### Information supplied:
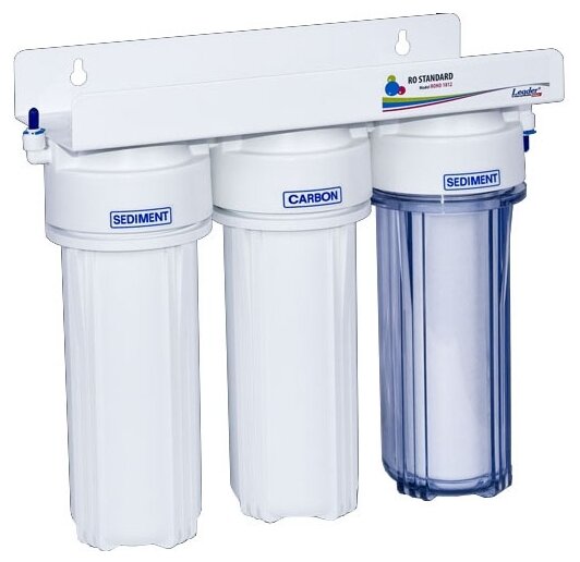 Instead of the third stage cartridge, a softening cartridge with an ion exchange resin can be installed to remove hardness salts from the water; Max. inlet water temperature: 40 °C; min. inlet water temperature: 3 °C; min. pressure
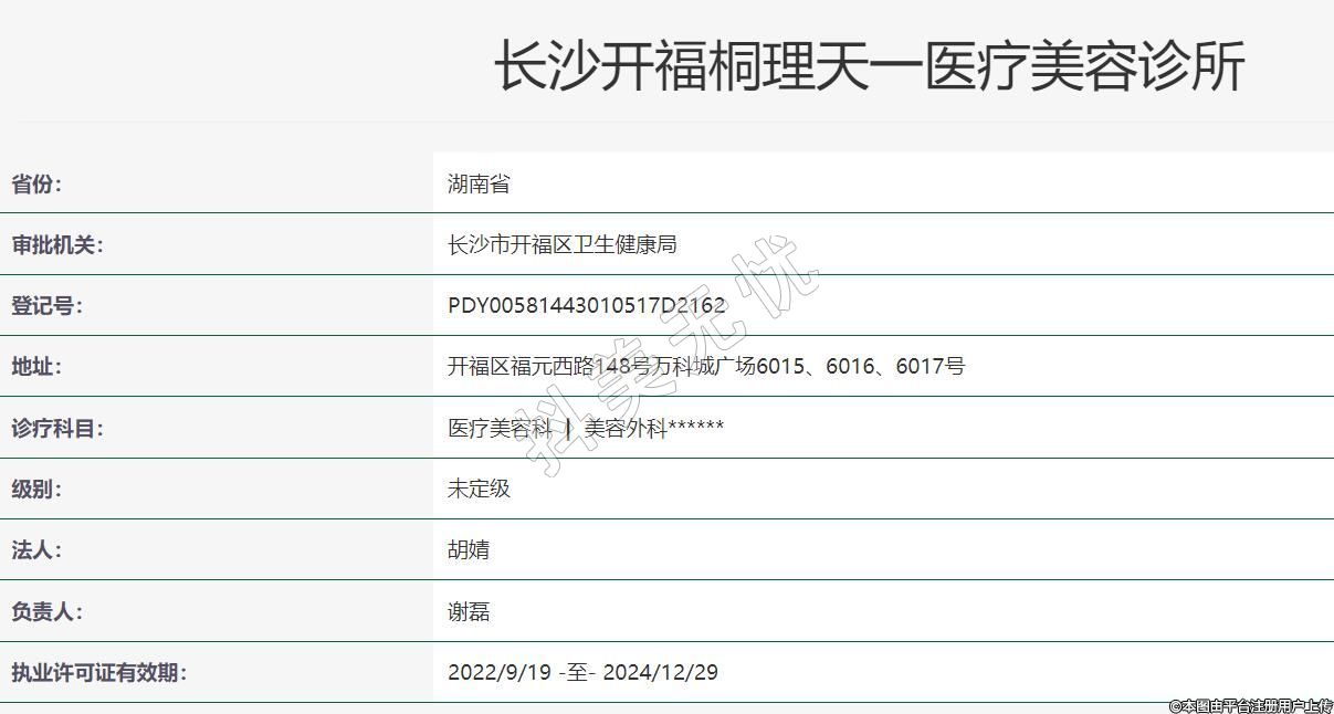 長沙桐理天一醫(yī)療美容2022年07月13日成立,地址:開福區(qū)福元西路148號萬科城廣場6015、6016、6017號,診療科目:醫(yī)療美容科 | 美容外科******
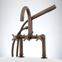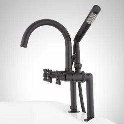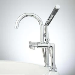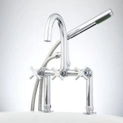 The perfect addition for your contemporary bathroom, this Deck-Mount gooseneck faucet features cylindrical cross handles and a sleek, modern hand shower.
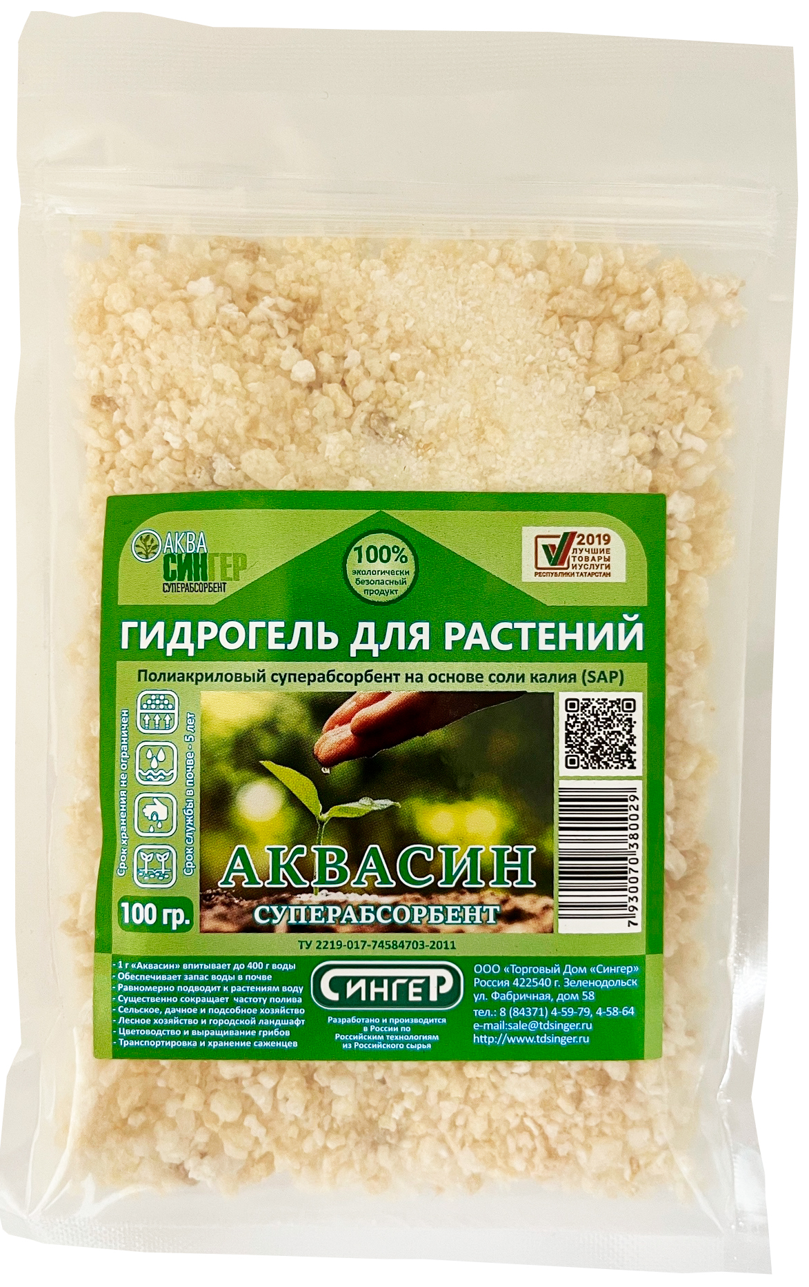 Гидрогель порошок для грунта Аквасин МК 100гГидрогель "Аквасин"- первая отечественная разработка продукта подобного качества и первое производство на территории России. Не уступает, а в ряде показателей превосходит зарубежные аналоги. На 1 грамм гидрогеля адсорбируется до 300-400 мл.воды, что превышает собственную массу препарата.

### Activity:
Retype the listing above exactly, please. Pictures do not belong in the copy.

### Answer to the exercise:
 Instead of the third stage cartridge, a softening cartridge with an ion exchange resin can be installed to remove hardness salts from the water; Max. inlet water temperature: 40 °C; min. inlet water temperature: 3 °C; min. pressure
 長沙桐理天一醫(yī)療美容2022年07月13日成立,地址:開福區(qū)福元西路148號萬科城廣場6015、6016、6017號,診療科目:醫(yī)療美容科 | 美容外科******
 The perfect addition for your contemporary bathroom, this Deck-Mount gooseneck faucet features cylindrical cross handles and a sleek, modern hand shower.
 Гидрогель порошок для грунта Аквасин МК 100гГидрогель "Аквасин"- первая отечественная разработка продукта подобного качества и первое производство на территории России. Не уступает, а в ряде показателей превосходит зарубежные аналоги. На 1 грамм гидрогеля адсорбируется до 300-400 мл.воды, что превышает собственную массу препарата.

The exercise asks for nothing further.